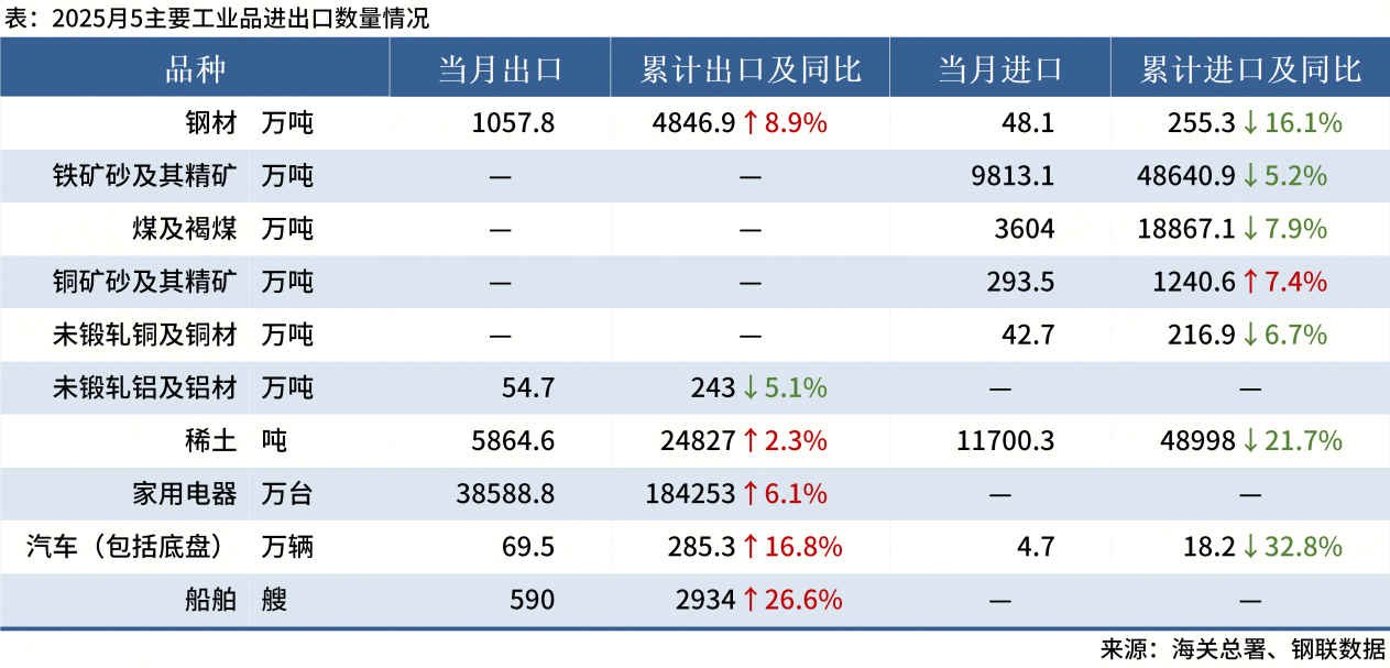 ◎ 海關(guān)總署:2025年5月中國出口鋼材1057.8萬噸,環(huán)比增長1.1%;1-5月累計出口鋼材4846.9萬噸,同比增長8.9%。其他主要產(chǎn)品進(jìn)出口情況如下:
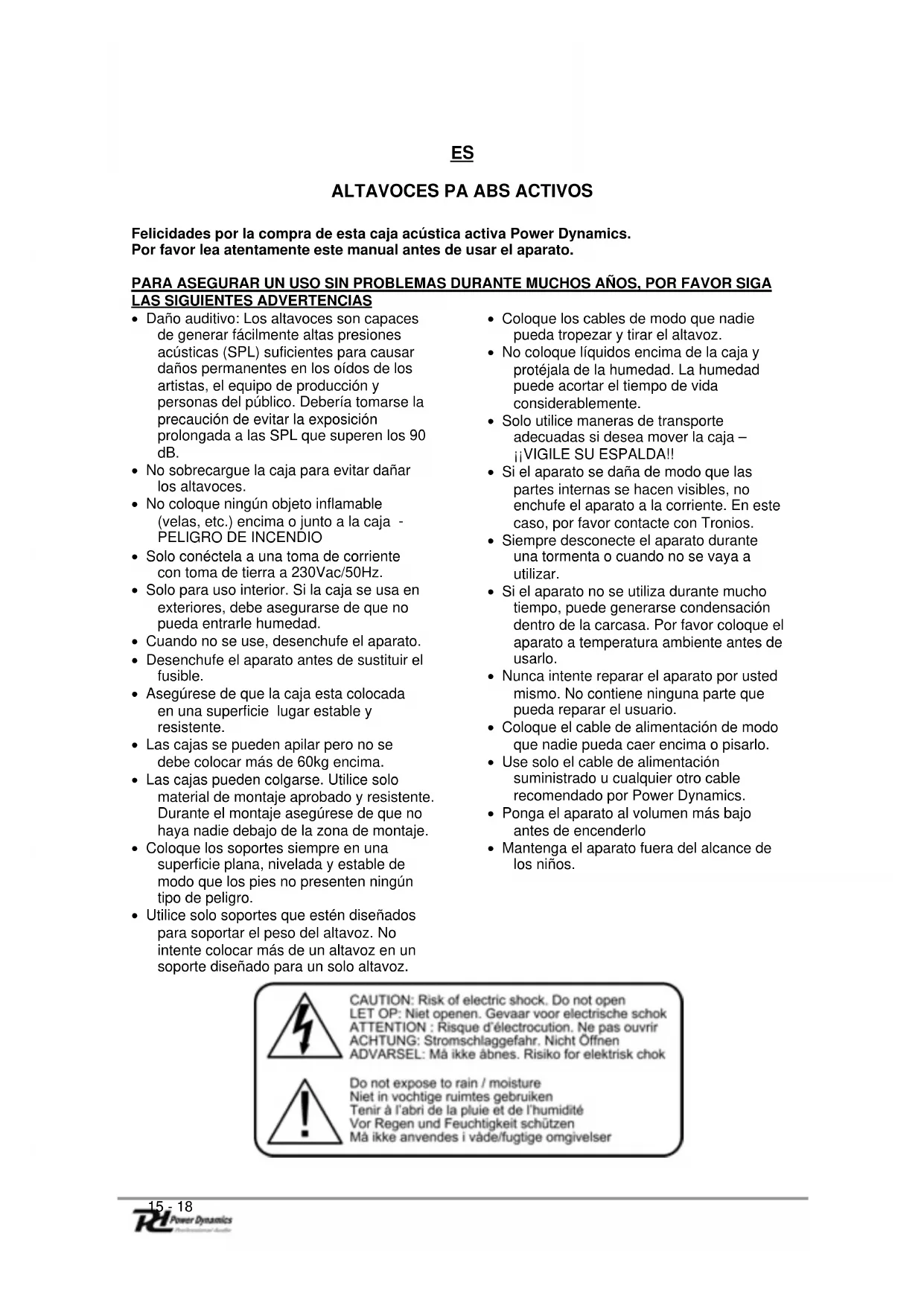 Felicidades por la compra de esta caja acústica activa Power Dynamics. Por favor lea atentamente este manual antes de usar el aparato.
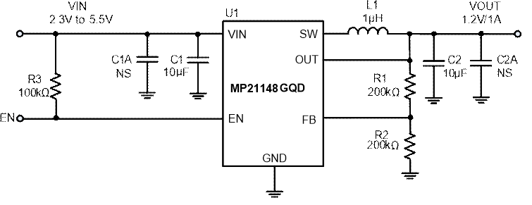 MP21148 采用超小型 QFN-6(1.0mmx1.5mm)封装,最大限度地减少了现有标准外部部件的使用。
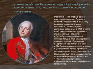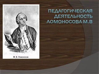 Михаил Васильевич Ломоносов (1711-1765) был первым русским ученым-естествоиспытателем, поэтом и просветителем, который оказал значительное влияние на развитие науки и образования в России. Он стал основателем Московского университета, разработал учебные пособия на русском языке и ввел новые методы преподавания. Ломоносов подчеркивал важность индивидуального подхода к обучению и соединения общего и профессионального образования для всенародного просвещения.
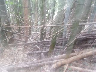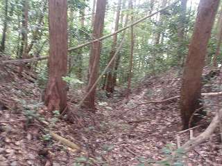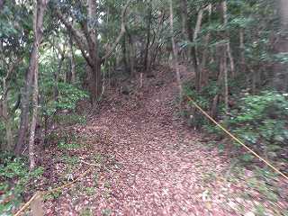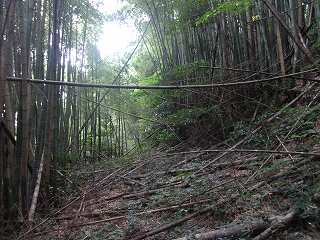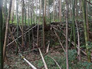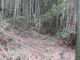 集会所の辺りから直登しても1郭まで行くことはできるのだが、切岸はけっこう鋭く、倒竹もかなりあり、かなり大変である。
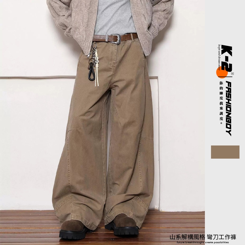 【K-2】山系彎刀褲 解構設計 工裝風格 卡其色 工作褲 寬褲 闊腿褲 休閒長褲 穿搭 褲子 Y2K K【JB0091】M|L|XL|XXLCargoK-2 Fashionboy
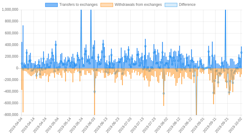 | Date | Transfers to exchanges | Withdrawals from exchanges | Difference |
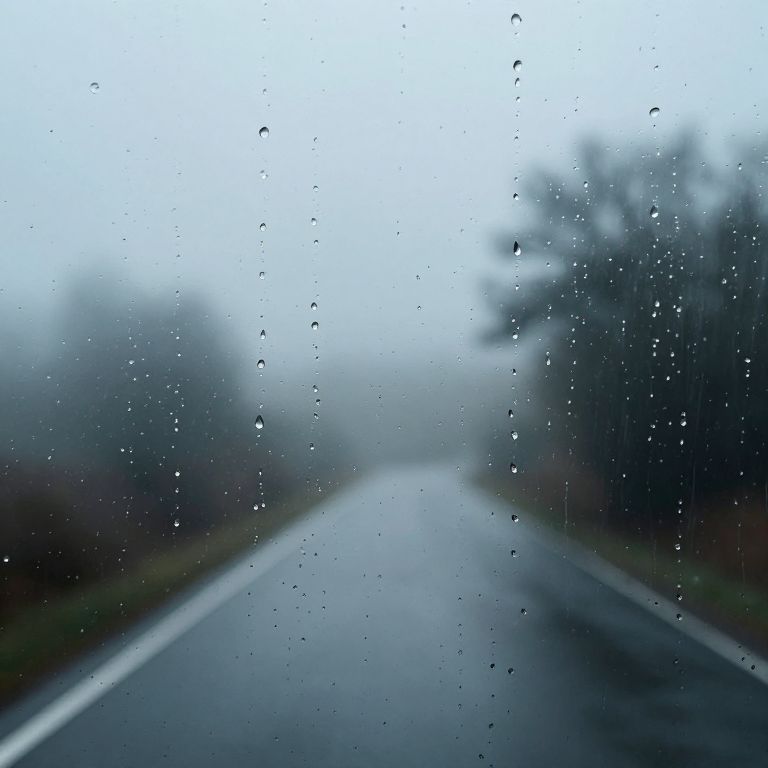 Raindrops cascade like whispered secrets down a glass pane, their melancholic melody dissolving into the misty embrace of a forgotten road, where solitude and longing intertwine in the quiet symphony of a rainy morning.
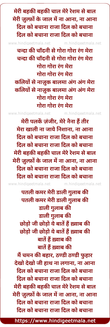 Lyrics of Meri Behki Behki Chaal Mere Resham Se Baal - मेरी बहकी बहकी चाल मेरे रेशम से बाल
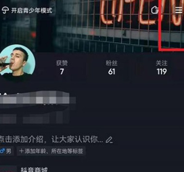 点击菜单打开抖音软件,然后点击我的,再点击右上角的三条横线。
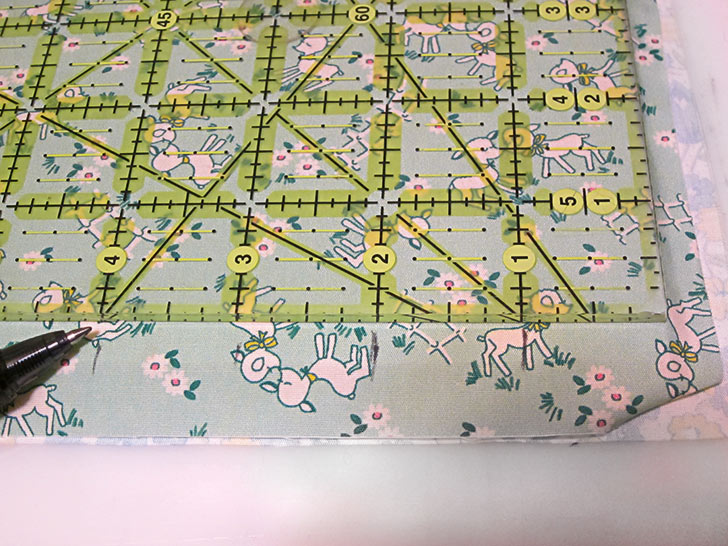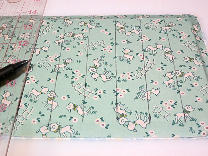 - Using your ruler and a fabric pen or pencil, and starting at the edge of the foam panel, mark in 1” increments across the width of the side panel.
■ ■ ■ ■
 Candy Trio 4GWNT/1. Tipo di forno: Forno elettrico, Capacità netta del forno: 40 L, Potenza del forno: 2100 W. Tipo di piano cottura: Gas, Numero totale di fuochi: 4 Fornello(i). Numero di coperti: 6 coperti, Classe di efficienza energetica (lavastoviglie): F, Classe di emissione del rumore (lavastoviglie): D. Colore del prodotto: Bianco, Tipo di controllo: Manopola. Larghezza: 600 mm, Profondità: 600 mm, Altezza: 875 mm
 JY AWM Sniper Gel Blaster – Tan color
■ ■ ■ ■
◆ TASK STATEMENT:
Pictures excluded, transcribe the listing above exactly from the line with "exchanges | Difference |" through the line with "Lyrics of Meri", and no further.

◆ REPLY:
 | Date | Transfers to exchanges | Withdrawals from exchanges | Difference |
 Raindrops cascade like whispered secrets down a glass pane, their melancholic melody dissolving into the misty embrace of a forgotten road, where solitude and longing intertwine in the quiet symphony of a rainy morning.
 Lyrics of Meri Behki Behki Chaal Mere Resham Se Baal - मेरी बहकी बहकी चाल मेरे रेशम से बाल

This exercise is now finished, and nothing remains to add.